His circumstances, however, were not. Jamal Murray missed the end of the 2020-21 season and the entire 2021-22 season due to a torn ACL. Michael Porter Jr. missed most of the 2021-22 season due to a back injury. If we treat Antetokounmpo's measure of the league's best player as the one who is holding the trophy when the games stop, Jokic didn't really have a chance at that distinction because the players who were supposed to help him get there were injured. If Jokic's team were healthy, it is entirely possible that he would be a three-time defending champion right now.

It is also quite possible that Antetokounmpo would be hoisting his third trophy right now if not for Middleton's injury a season ago and his own in the first round against the Miami Heat this spring. It certainly seemed as though he was heading for multiple rings when he scored 50 points to close out the Phoenix Suns in 2021. At that point, Antetokounmpo's "best in the world" case appeared as ironclad as Jokic's does today.

And yet, both have had playoff disappointments independent of circumstance. Jokic was never going to beat the Suns in 2021 or the Warriors in 2022, for example, but the degree to which they tortured him in pick-and-roll still created reasonable doubt about how he'd hold up across four rounds. Antetokounmpo's fourth-quarter offense likely cost him the Miami series this year and the 2019 Eastern Conference Finals against the Raptors.

It's what separates the best players in the NBA today from the best players of those less robust debates. James and Jordan didn't have weaknesses. There were things they didn't do at quite a world-class level, but at their peaks, there was nothing opponents could use to effectively game-plan against them. Make Michael Jordan shoot 3's? Cool, he's just going to hit six of them in the first half of a Finals game. Bait LeBron James into mid-range jumpers? He'll still put up 37 points in Game 7 of the Finals. This is the standard fans have grown accustomed to. It's not the future they should expect.

And there's something deeply compelling about that. It almost validates Antetokounmpo's theory. We now live in a world with no flawless players. There is no Jordan or James lording over the game from on high. Jokic and Luka Doncic are vulnerable defensively. Antetokounmpo isn't a late-game shot-creator. Kevin Durant can't stay healthy for six months. Joel Embiid can't stay healthy for six weeks. Curry is small. James himself is old. With no easy way of quantifying the impact of these weaknesses, recency bias almost makes sense as a ranking strategy. At least we know the reigning champion's flaws weren't significant enough to prevent him from becoming the champion in the first place.

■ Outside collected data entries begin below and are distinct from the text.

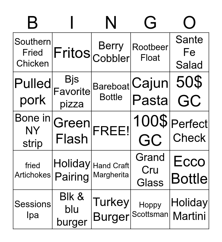 This bingo card has a free space and 24 words: Holiday Pairing, Blk & blu burger, Bareboat Bottle, Sessions Ipa, Sante Fe Salad, Southern Fried Chicken, Pulled pork, Fritos, 100$ GC, Hand Craft Margherita, Cajun Pasta, Bone in NY strip, Grand Cru Glass, Ecco Bottle, Bjs Favorite pizza, Hoppy Scottsman, Perfect Check, Berry Cobbler, 50$ GC, Green Flash, Holiday Martini, fried Artichokes, Rootbeer Float and Turkey Burger.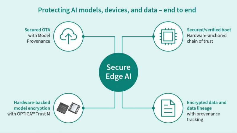 通过存储在英飞凌防篡改安全控制器OPTIGA™ Trust M中的加密密钥,Thistle将其解决方案的范围扩展至设备端AI模型和数据内置保护。新推出的Thistle安全边缘AI解决方案具备三大核心特征: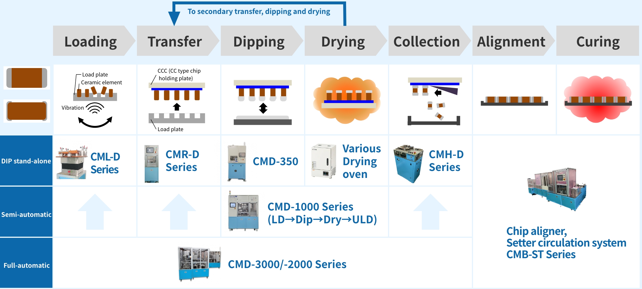 We provide process technologies, equipment, jigs, and contract services related to the forming of next-generation dielectric sheets, internal electrode processes, and external electrode coating (for both two-terminal and multi-terminal types) for passive components such as MLCCs, MLCIs, varistors, and thermistors. Our patented technologies and unique process solutions—supporting products as small as 0201mm—are designed to meet the diverse needs of our customers.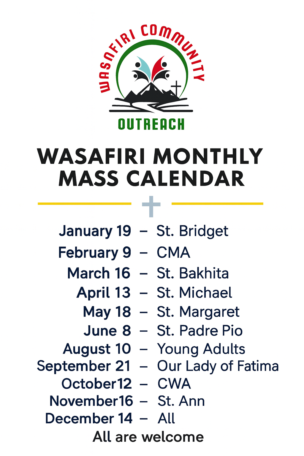 ✨ Our liturgy is enriched with Swahili hymns, African cultural expressions, and vibrant choir music that reflect the unity of our diverse community. Fellowship and hospitality follow every Mass—please stay, connect, and share a meal with us.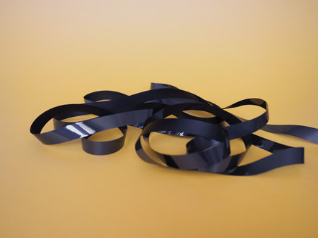 A top view of a magnetic tape for data storage in the yellow background with a copy space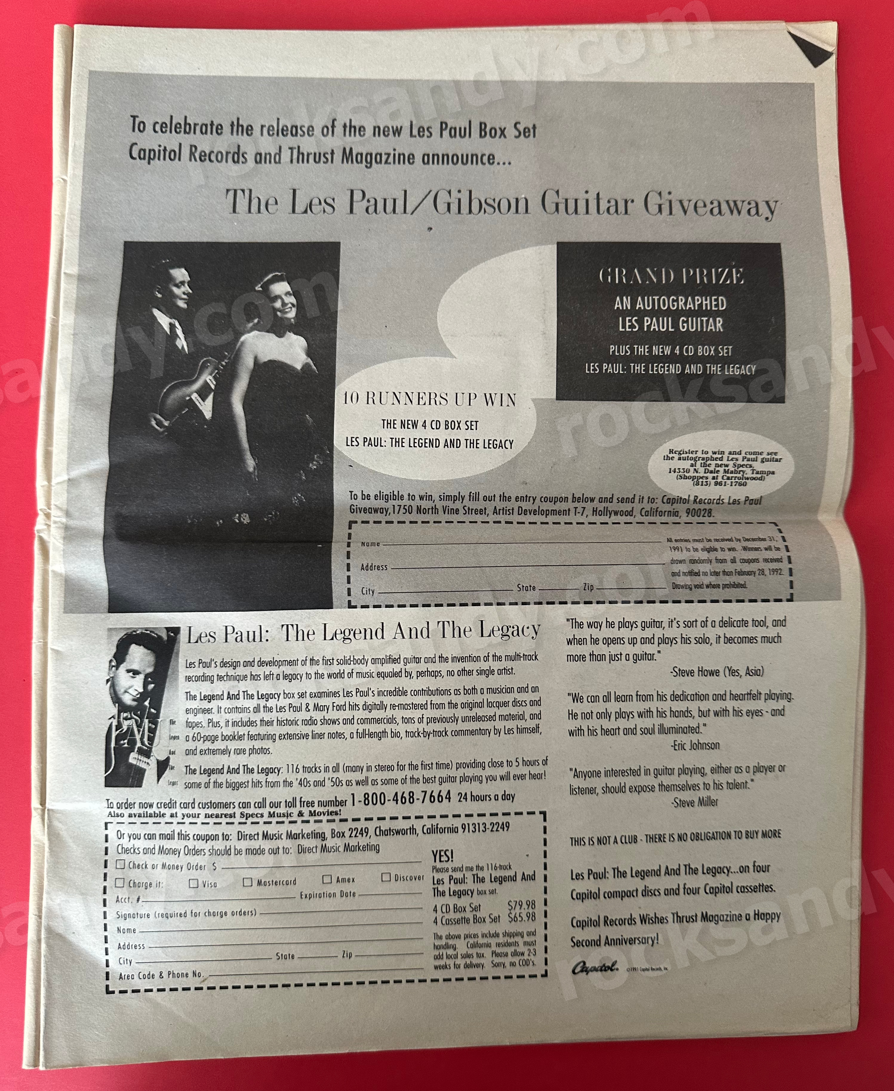 ABOVE: Les Paul autograph on his interview page from the November issue of Thrust, along with a related contest.
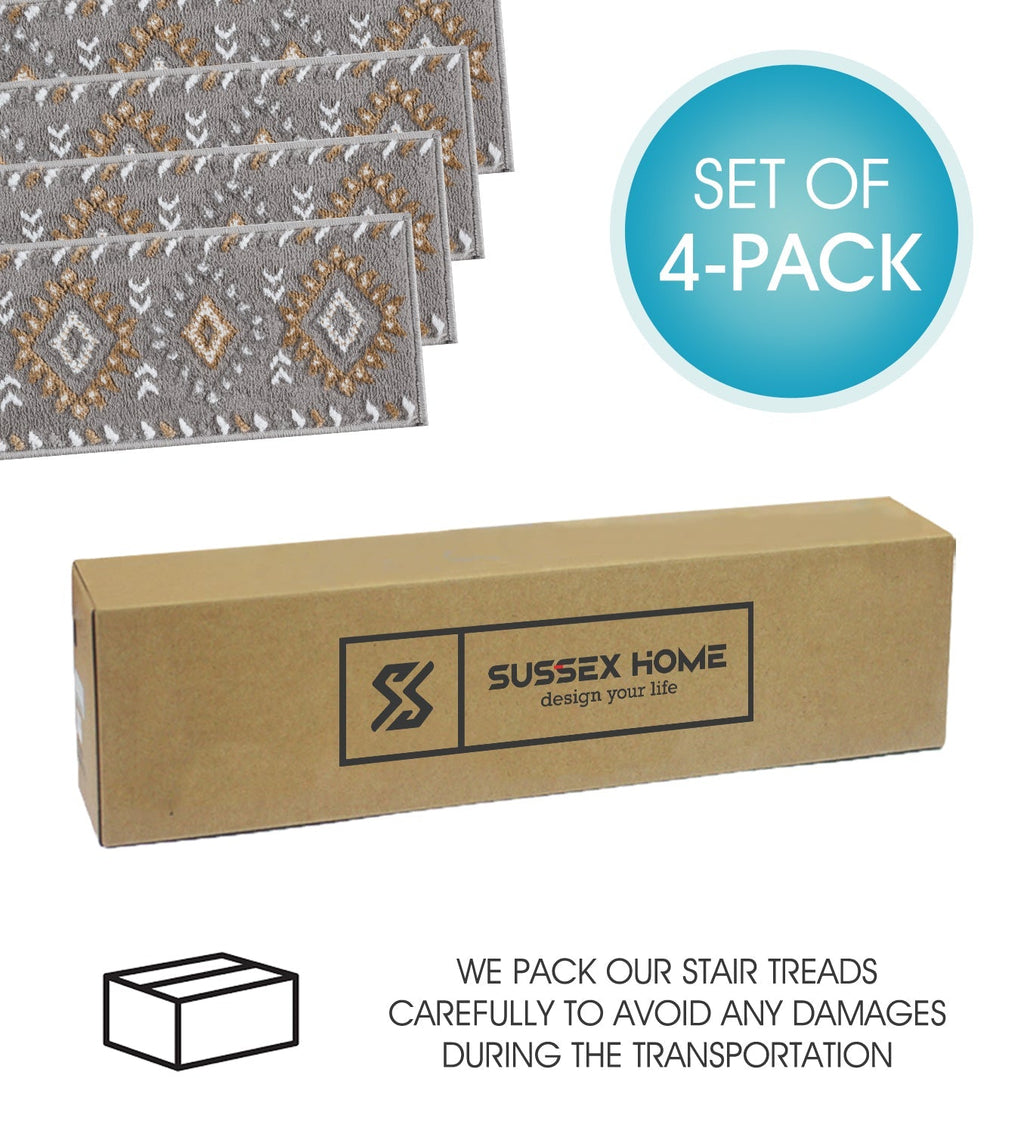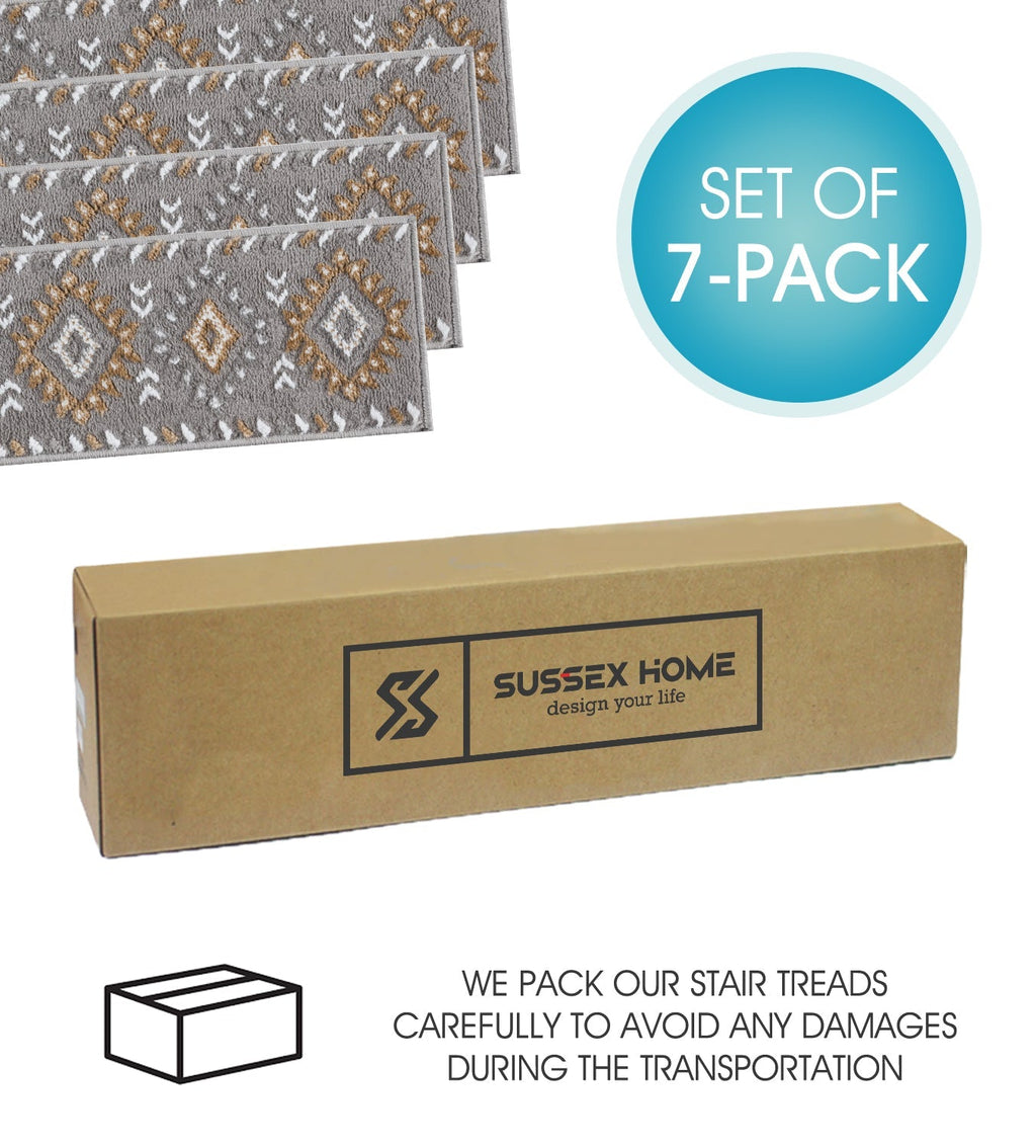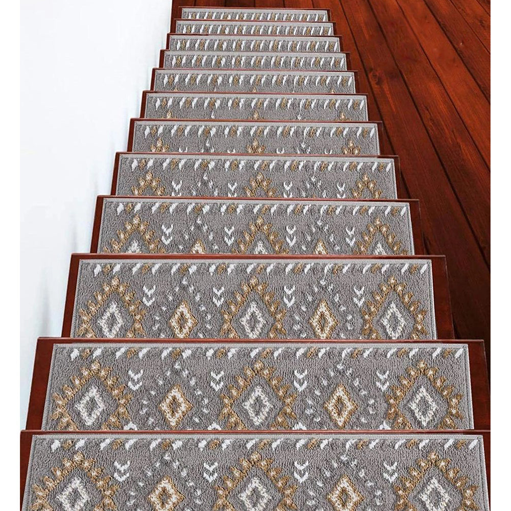 KID & PET FRIENDLY ****** Our elegantly designed and colored stair treads are made from original area rug and 100% POLYPROPYLENE to prevent shedding, and will tie together any fashionable space. Kids and pet friendly.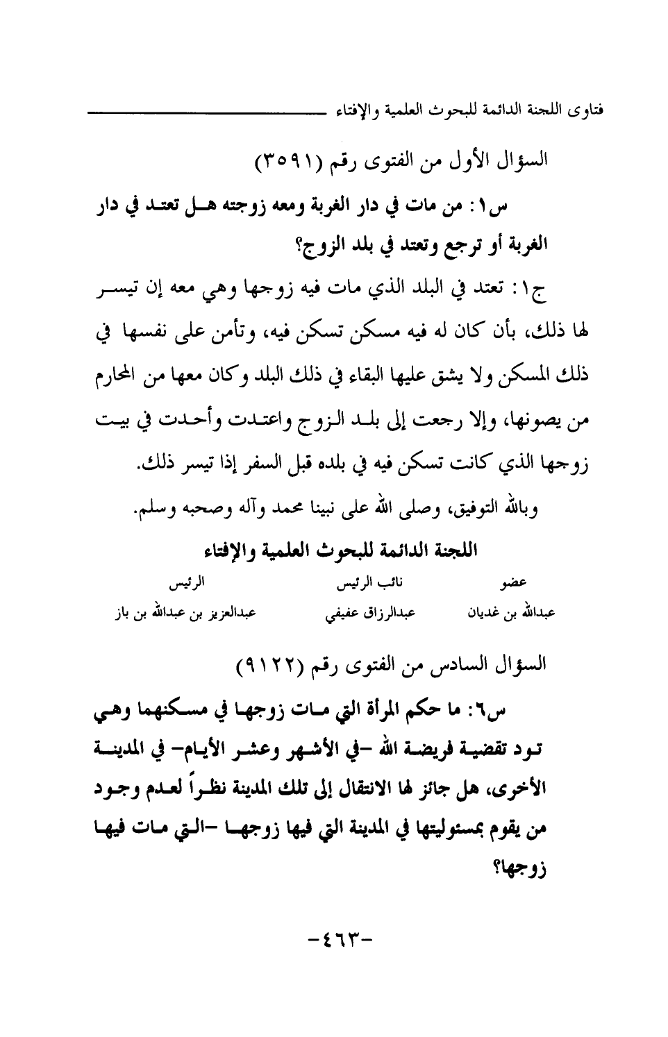 س6: ما حكم المرأة التي مات زوجها في مسكنهما وهي تود تقضية فريضة الله -في الأشهر وعشر الأيام- في المدينة الأخرى، هل جائز لها الانتقال إلى تلك المدينة نظرا لعدم وجود من يقوم بمسئوليتها في المدينة التي فيها زوجها (التي مات فيها زوجها) ؟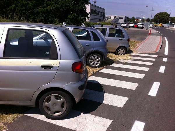 Recandosi presso il Nuovo Ospedale, infatti, è possibile imbattersi in auto in sosta sui prati, sulle rotonde, sopra il marciapiede, per strada, sulle strisce pedonali. Alla faccia degli stalli dedicati.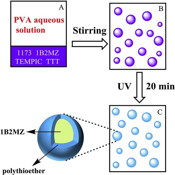 A novel method was developed to encapsulate 1-benzyl-2-methylimidazole (1B2MZ) to produce microcapsule-type latent curing agent using thiol-click reaction in an oil/water emulsion. The fabrication process was significantly simplified and required reaction time was greatly shortened due to the efficiency of click chemistry. In the oil phase, 1B2MZ was mixed with reactive monomers, 1,3,5-tri-2-propenyl-1,3,5-triazine-2,4,6 (1H, 3H, 5H)-trione (TTT) and tris[2-(3-mercaptopropionyloxy)ethyl] isocyanurate (TEMPIC) which would polymerize to result in polythioether shell of microcapsules by following a photoinitiated thiol-ene mechanism. Polyvinyl alcohol (PVA) aqueous solution acted as water phase. The whole reaction process lasted for 20 min, which was enough for almost full conversions of monomers. The generated latent curing agent had good spherical shapes with smooth outer surfaces and the mean diameter distributed in the range of 105.7 to 18.17 μm by adjusting PVA concentration or viscosity of oil phase. The curing behavior, kinetics and releasing mechanism of latent curing agent were studied by differential scanning calorimetry (DSC) and scanning electron microscope (SEM). This microcapsule-type latent curing agent had a long storage life for 30 days when mixed with epoxy resin at 20 °C, and the mixture could be cured at 100 °C within 1 h.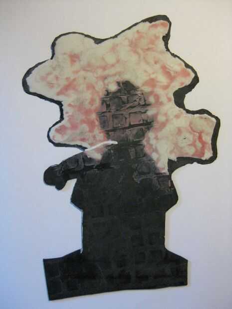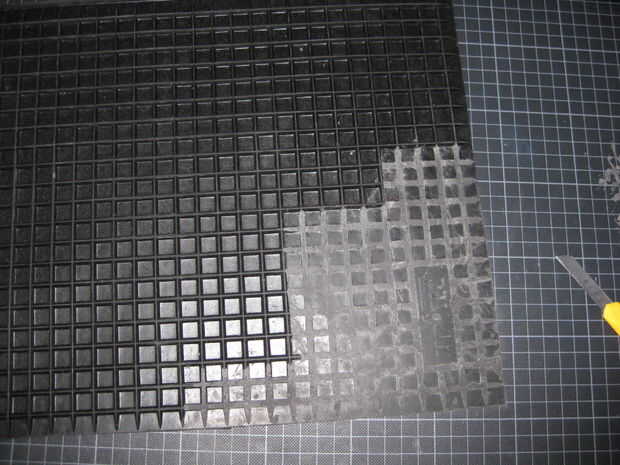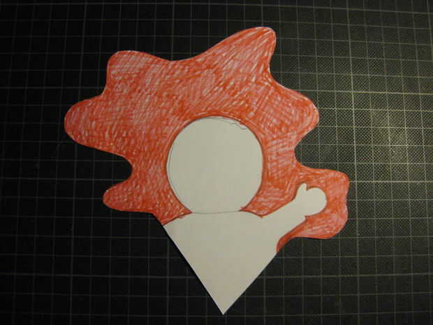 No pude encontrar una alfombra sin una estructura, así que tuve que cortar, con cúter. Puede hacer una plantilla con papel o cortar el contorno libre. Si usted no quiere hacer sugru rojo saltar el siguiente paso, cubra la estera con una fina capa de Apoxie esculpir y pintar la mancha de sangre roja.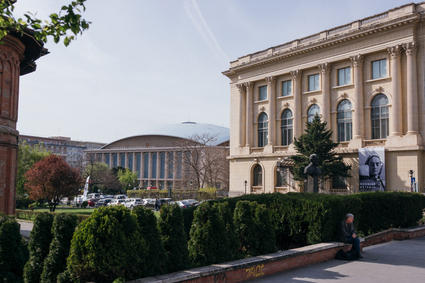 Her music certainly reflects a more international sound. Her band, YellLow, was signed by Universal Music Romania for their poppy electronic sound, bringing in dubstep, rap, and house influences. “We sing in English, we think it sounds better. If you listened to a bit of Romanian music I think you’d hear how it’s different to mine,” she says, laughing. YellLow have been performing all over—they were in Beijing a few times through 2017. But that evening YellLow were supporting the local scene, performing alongside Modeselektor and Nightmares on Wax at Control club for the launch of Electronic Beats Romania. “I sang in a cover band too, but last year I stopped playing with them and began a solo acoustic act,” she tells me—she plays all over the city. Luiza stops at the museum of George Enescu, the composer regarded by many to be the most important musician in Romanian history. The building itself is Art Nouveau, with organic patterns swirling around every detail, and a great leafy awning in wrought iron and clouded glass stretching out over the door . “It used to be the palace of Cantacuzino, a noble family with a great history,” she says as she walks through the gates, before heading into a quiet square situated just behind the building. “I discovered this place two years ago I think. I went in alone once and I stayed a couple of hours. It’s relaxing. The street is so busy, but it’s quiet here. I like it for that.”
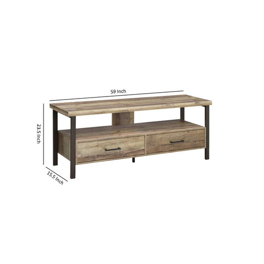 59 Inch Wooden Tv Console With 2 Storage Drawer... 59 Inch Wooden Tv Console With 2 Storage Drawers And Open Shelf, Brown By Benzara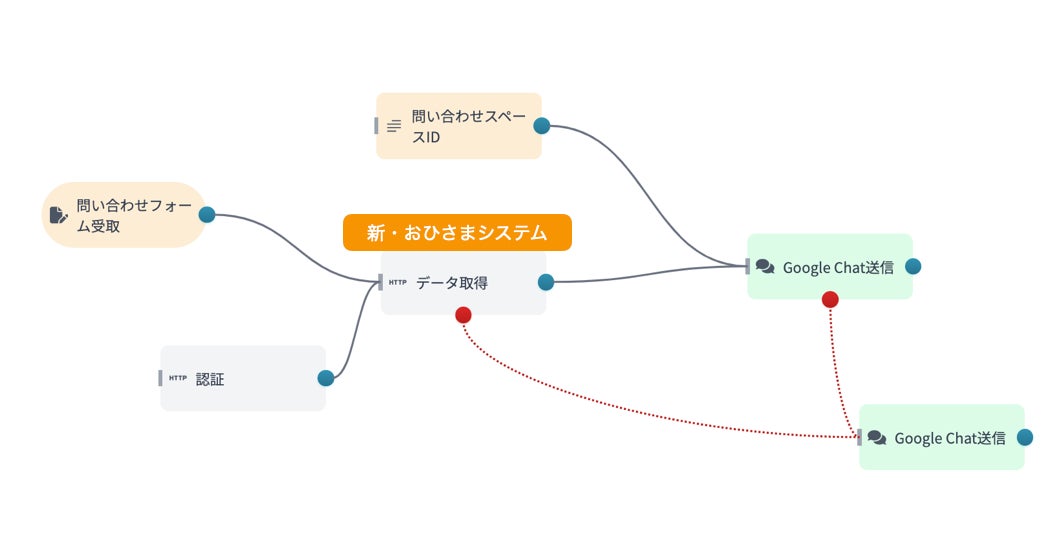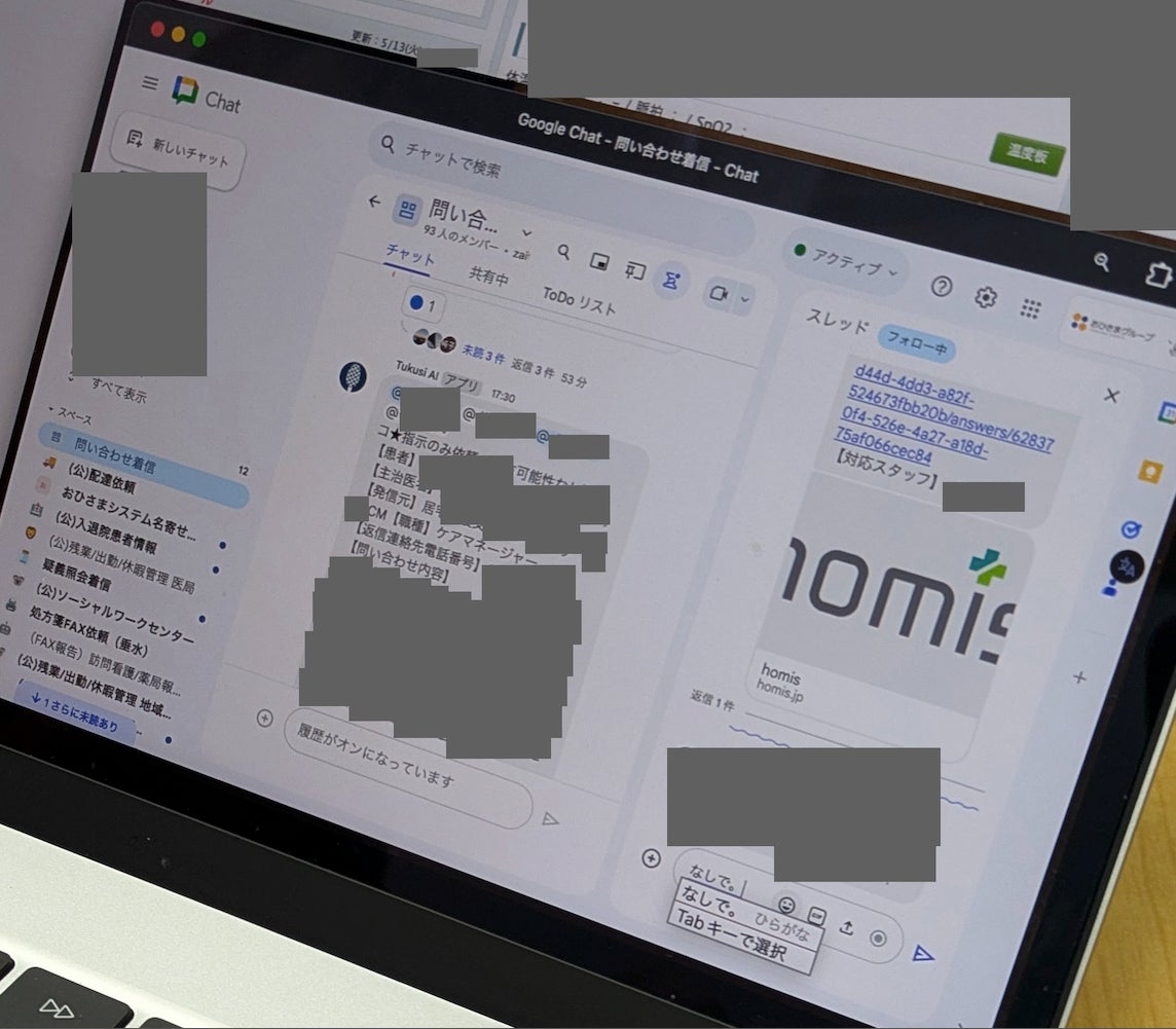 訪問看護からの問い合わせ、薬局からの疑義照会、内部での受電内容の送信を、フォームを起点としたワークフローで処理します。患者をおひさまシステムで検索し、患者に紐づいた担当医師や担当看護師にメンションをつけた形でGoogle Chatに配信します。さらに一部の内容については、フォーム送信後に、自動で電子カルテへの書き込みも行います。

But just as circumstances changed for Jokic and Antetokounmpo over the past few seasons, they'll continue to change for the two of them and everyone else moving forward. Perhaps Antetokounmpo's team is the healthy one next season, or maybe he'll get to settle things with Jokic on the court in the Finals. Maybe Jokic runs into a few more opponents with the sort of small, quick guards that are best-suited to attack him in pick-and-roll. The only such opponent Denver saw this postseason was Phoenix, whose depth was so compromised by the end of that series that Durant and Devin Booker were essentially the only reliable players left standing.

Or maybe Doncic eventually finds himself with a collection of teammates capable of challenging those two. Maybe the Lakers give James the ball-handling support he needs to properly pace himself before turning back the clock when it counts, or the Warriors find a way to balance their budget without sacrificing Curry's support structure. It won't be long before Victor Wembanyama crams his way into these discussions. Zion Williamson and Ja Morant have already poked their nose into the room, and if both can actually remain on the court, they'll have something to say about all of this as well. Jayson Tatum has come close several times already.

A year from now, one of those players is probably going to hoist the trophy, and whoever it is will probably receive a similar coronation. But with no James- or Jordan-like titan towering over the league, the reality is that we might cycle through several "best players in the league" in the near future. That crown is Jokic's today. Let's not pretend we have any clue whose it will be next.